A key condition for a successful get-big-fast strategy is that there be few competitors—showing the firm really has a head start on potential rivals. Venture investing's “best known law,” wrote an observer of the venture world, “is 'Market risk is inversely proportional to technical risk…' If the product is easy, presumably others will come up with it and crowd the marketplace.”[36] When investing in dot-coms, venture firms were picking companies with low technical and high market risk. Yet they seemed to ignore the virtual certainty of competitors.

In the bubble period, the supposed advantage of being first in the market came to be labeled a first-mover advantage. But such a situation usually did not exist. For example, four major start-ups, each using a get-big-fast strategy, and each backed by venture funds, contested the pet supply market. Together the firms raised and spent some $400 million in investment capital, each following a get-big-fast strategy. For each company, the get-big-fast strategy was flawed from the start because all the companies tried to do it simultaneously, and thus today all have collapsed. Did they know at the time that each company was pursuing the same strategy? It's hard to believe that they didn't, if they paid any attention to competitors at all. Each venture firm was pushing the get-big-fast strategy on the start-ups in which it had invested, and this fact was being widely discussed in the business media.

To a degree, this is just normal competition. However, in the arena of new technology and start-ups, because the risk to investors is so high, in the past, venture firms have tried to work together to avoid duplication of effort. Venture firms exchanged information about start-ups' proposals and prospects, and tried to select the most promising for support, and often combined into a syndicate to finance the efforts. But during the bubble, such care was abandoned, and venture firms sponsored many competing start-ups in the same market space, their efforts canceling each other's out.

“In the fall of 1999, the senior management team of Petstore.com sat in a conference room with their investment bankers, high above Manhattan. The group was debating whether to raise $40 million to fund an aggressive customer acquisition campaign.
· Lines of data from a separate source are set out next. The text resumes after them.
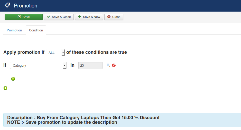 Adding conditions in promotions
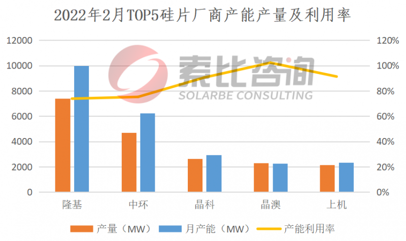 2022年2月,盡管一線企業(yè)開工率提升超過70%,但硅片仍供不應(yīng)求。2022年2月國(guó)內(nèi)硅片產(chǎn)量24.9GW,環(huán)比增長(zhǎng)20.9%。按照產(chǎn)量排名,隆基、中環(huán)、晶科、晶澳、上機(jī)位列前五,企業(yè)總產(chǎn)量19.15GW,占比76.91%,綜合利用率86.6%。預(yù)計(jì)3月份硅片繼續(xù)維持供不應(yīng)求態(tài)勢(shì)。從供應(yīng)端來看,3月份基礎(chǔ)產(chǎn)量已達(dá)上限。從需求端來看,海外需求刺激預(yù)期將延續(xù)至3月底。
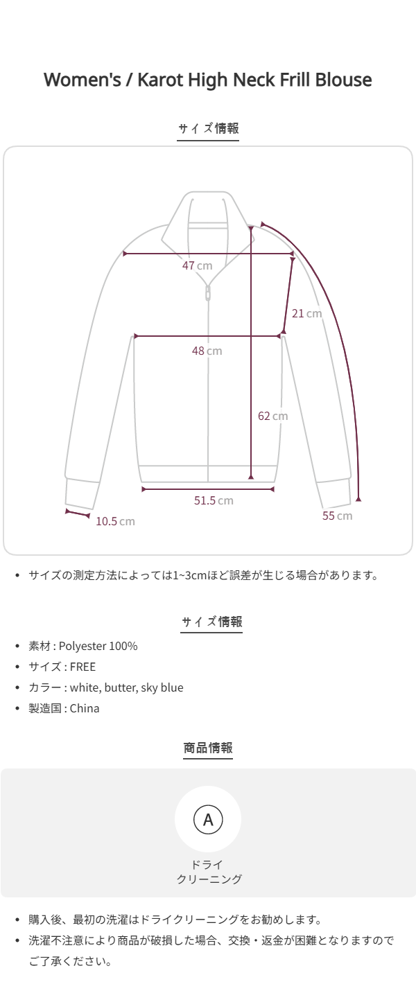 HEIGHT 170cm / BUST 81cm / WAIST 62cm / HIP 90cm
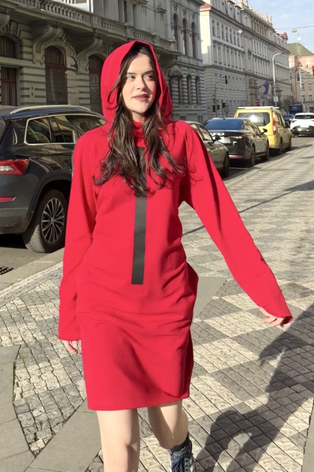 Šaty jsou rovného střihu. Dlouhý raglánový rukáv. Boční kapsy. Kapuce.
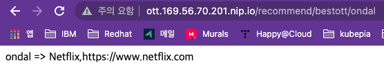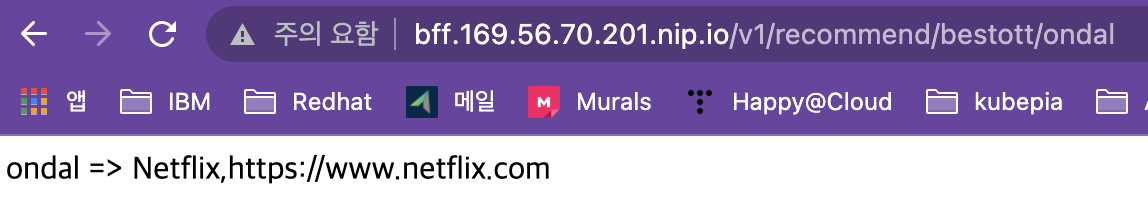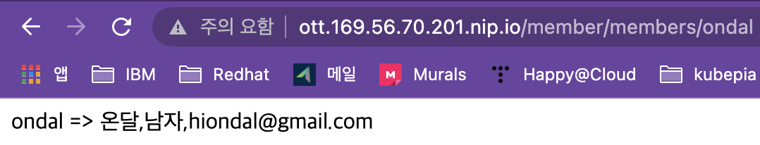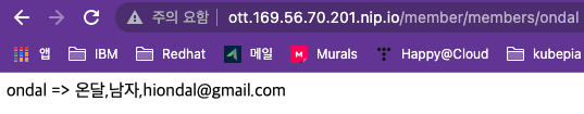 이제 정의한 인그레스 호스트와 경로로 ‘member’와 ‘recommend’ 애플리케이션이 동작하는지 테스트 하면 됩니다.
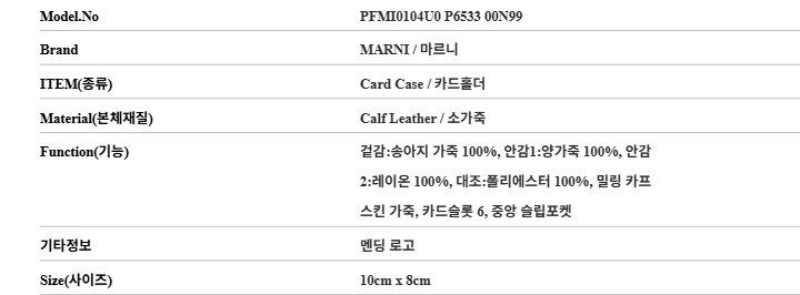 | 4. 제조사 | 마르니/MACHO-병행수입 |

Just then, a biplane passed close by their conference room window, towing a banner that read, 'PETS.COM—SAVE 50% ON DOG FOOD.' That fly-by ended any debate over the need for a bigger marketing budget.”[37] The company determined to raise the money.

Experiences like this were apparently repeated hundreds of times for entrepreneurs. In part it was because venture firms had lots of money to invest and wanted to get it out quickly, and because investment banks were finding it easy to raise money for dot-com companies. In part it was because the experience of Amazon.com had convinced the financial community that the old rules didn't apply. But in part it was simply a race to the IPO.

Professor Eisenmann has done a statistical analysis (thus far unpublished) for publicly held dot-coms and telecom companies of their business models versus quarterly changes in the stock price. He found that the capital markets were nondiscriminating in what they were prepared to buy, so that the get-big-fast strategy was not rewarded in the financial market.

Why then did venture firms and bankers so often choose the get-big-fast strategy for start-ups, especially when the conditions to make it successful were so often absent? The answer is that venture firms and bankers were pressing entrepreneurs to get-big-fast so that the firms could be launched as quickly as possible onto the IPO market. Gone was the venture firms' traditional concern for building a viable business; gone was the bankers' traditional concern for being sure that viable businesses were offered to the public. The goal was to create paper and move it onto the public market as fast as possible, and the entrepreneur had to cooperate by ramping up his or her firm as quickly as possible.

The result was that many firms were condemned to failure from the outset by virtue of a mistaken strategy. This need not have happened. Many firms were potentially viable if allowed a different business strategy than get-big-fast. But financial backers demanded this single strategy, and the result was a disaster both for the entrepreneurs and their public investors when the companies failed.